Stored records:
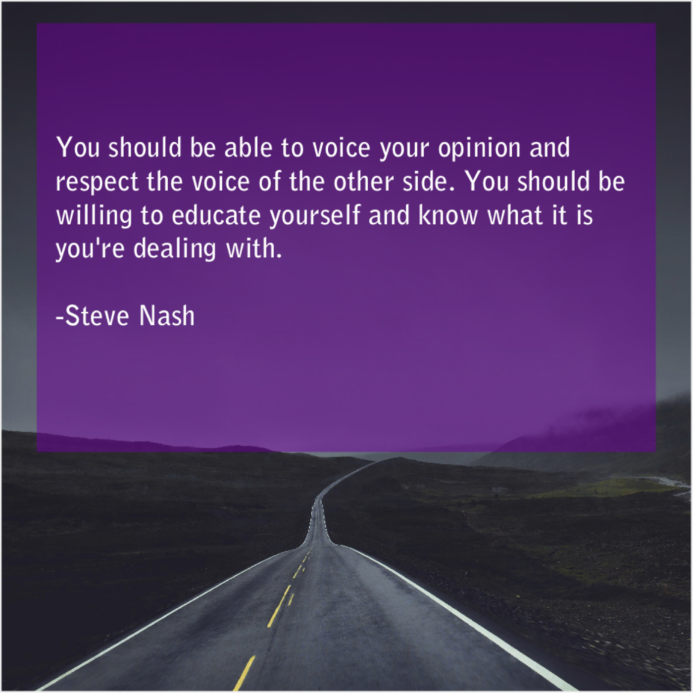 Steve Nash Steve Nash – You should be able to… November 16, 2018 admin “You should be able to voice your opinion and respect the voice of the other side. You should be willing to educate yourself and know what it is you’re dealing with.”-Steve Nash
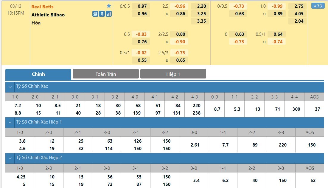Real Betis với lợi thế sân nhà sẽ có tỷ lệ cược thấp hơn đôi chút so với Athletic Bilbao ở trận này. Đội chủ nhà có tỷ lệ cược là 1 ăn 2.33 trong khi đó đội khách có tỷ lệ cược là 1 ăn 3.05. Tỷ số hòa có tỷ lệ cược là 1 ăn 3.30. 5 lần gần nhất hai đội chạm trán, Real Betis chưa từng giành được chiến thắng nào trước Athletic Bilbao. Đây là cơ sở để người chơi đặt niềm tin vào kịch bản có lợi cho Athletic Bilbao trong màn đụng độ sắp tới.
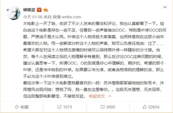 2019年8月17日凌晨,作者蝴蝶藍(lán)針對粉絲認(rèn)為主角葉修OOC的問題做出了回應(yīng)
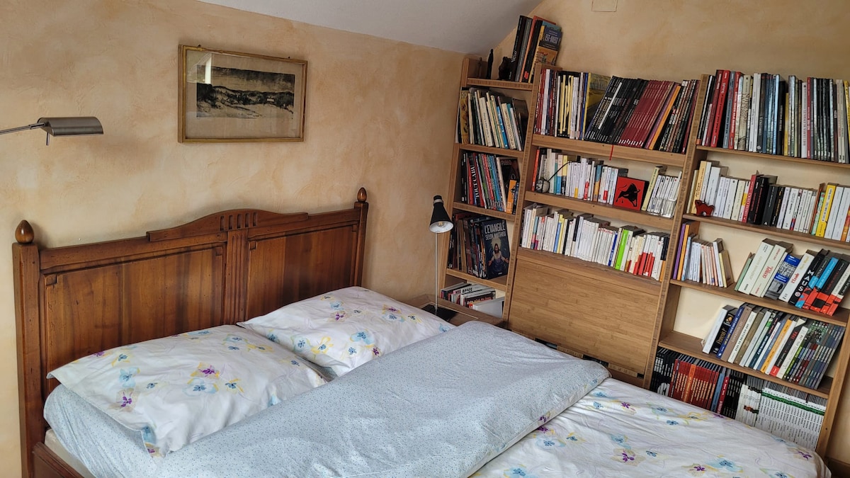 Spacious and comfortable room on the 1st floor of a beautiful apartment with a garden. Shared shower room and separate toilet. There are two of us living here. The atmosphere is simple and friendly. Plan your breakfast: I offer coffee, tea, or herbal tea. Note I have three nice cats. Thank your for considering the requested arrival time. Booking is for 1 person, for 18 ages and up. 2 nights minimum. (please, no guests)
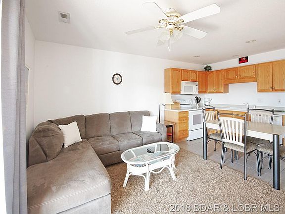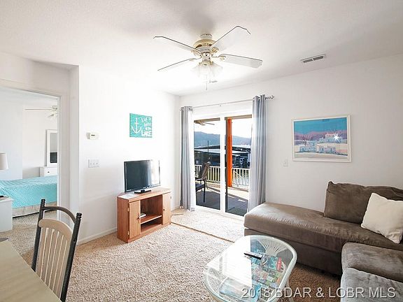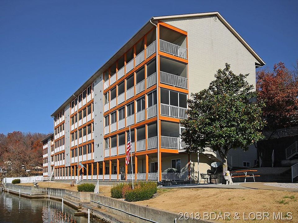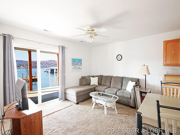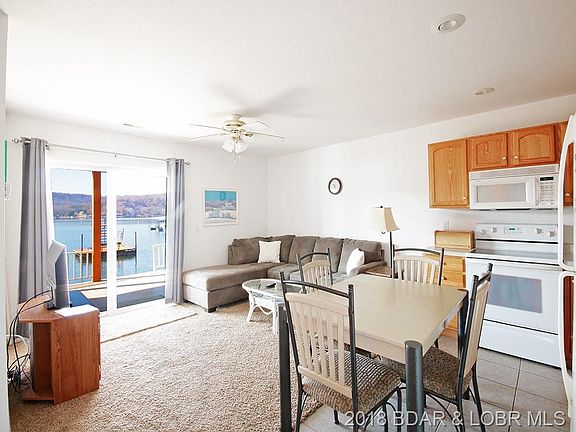 You won't want to miss out on this one of a kind condo, fully furnished 2 bedroom, 1 bath one-level unit with a panoramic view. Large patio with a gentle walk to the lake. Complex offers a nice lakeside swimming pool, swimming dock with elevated platform and picnic area. Unit includes buyer's choice of a 12 x 34 dock slip or a 12 x 26 dock slip with a boat hoist. Established project allows nightly rentals. Unit is accessible by a lower level parking area with easy walk along sidewalk to the unit. Great access for people with who require minimal steps. There are only 3 steps to enter this unit from lower level parking. Great location on the little niangua arm, perfect for fishing and all your boating activities.
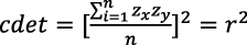[ 30 ]Finalmente puede calcularse el coeficiente de determinación (cdet) que representa el porcentaje de explicación que una variable tiene sobre otra, en general cuanto es explicada la variable dependiente y respecto de la variable independiente o explicativa x de acuerdo a la ecuación [7] como resultado de la recta de regresión.
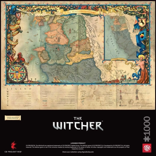 Gelicenseerde THE WITCHER-puzzel: Noordelijke Koninkrijken, 1000 stukjes. Hoge printkwaliteit, precieze stans, afmeting na het leggen ca. 68 × 48 cm. Geweldig cadeau voor fans.
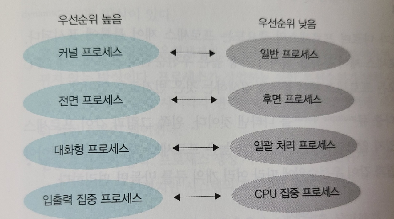 일반 프로세스 간에도 우선순위가 존재합니다. 비디오 플레이어와 워드 작업이 같은 우선순위라면 실시간으로 영상을 출력해야 하는 비디오 플레이어가 끊기고 맙니다. 이러한 문제 해결을 위해서는 일반 프로세스 간에도 우선순위를 매겨야 한다는 사실이 합리적임을 알 수 있습니다.

> [Work item]:
Work from the entries above. Set down exactly and only the lines from the line with "2019年8月17日凌晨,作" to the line with "You won't want", both included, and leave the pictures out.

> [Solved problem]:
 2019年8月17日凌晨,作者蝴蝶藍(lán)針對粉絲認(rèn)為主角葉修OOC的問題做出了回應(yīng)
 Spacious and comfortable room on the 1st floor of a beautiful apartment with a garden. Shared shower room and separate toilet. There are two of us living here. The atmosphere is simple and friendly. Plan your breakfast: I offer coffee, tea, or herbal tea. Note I have three nice cats. Thank your for considering the requested arrival time. Booking is for 1 person, for 18 ages and up. 2 nights minimum. (please, no guests)
 You won't want to miss out on this one of a kind condo, fully furnished 2 bedroom, 1 bath one-level unit with a panoramic view. Large patio with a gentle walk to the lake. Complex offers a nice lakeside swimming pool, swimming dock with elevated platform and picnic area. Unit includes buyer's choice of a 12 x 34 dock slip or a 12 x 26 dock slip with a boat hoist. Established project allows nightly rentals. Unit is accessible by a lower level parking area with easy walk along sidewalk to the unit. Great access for people with who require minimal steps. There are only 3 steps to enter this unit from lower level parking. Great location on the little niangua arm, perfect for fishing and all your boating activities.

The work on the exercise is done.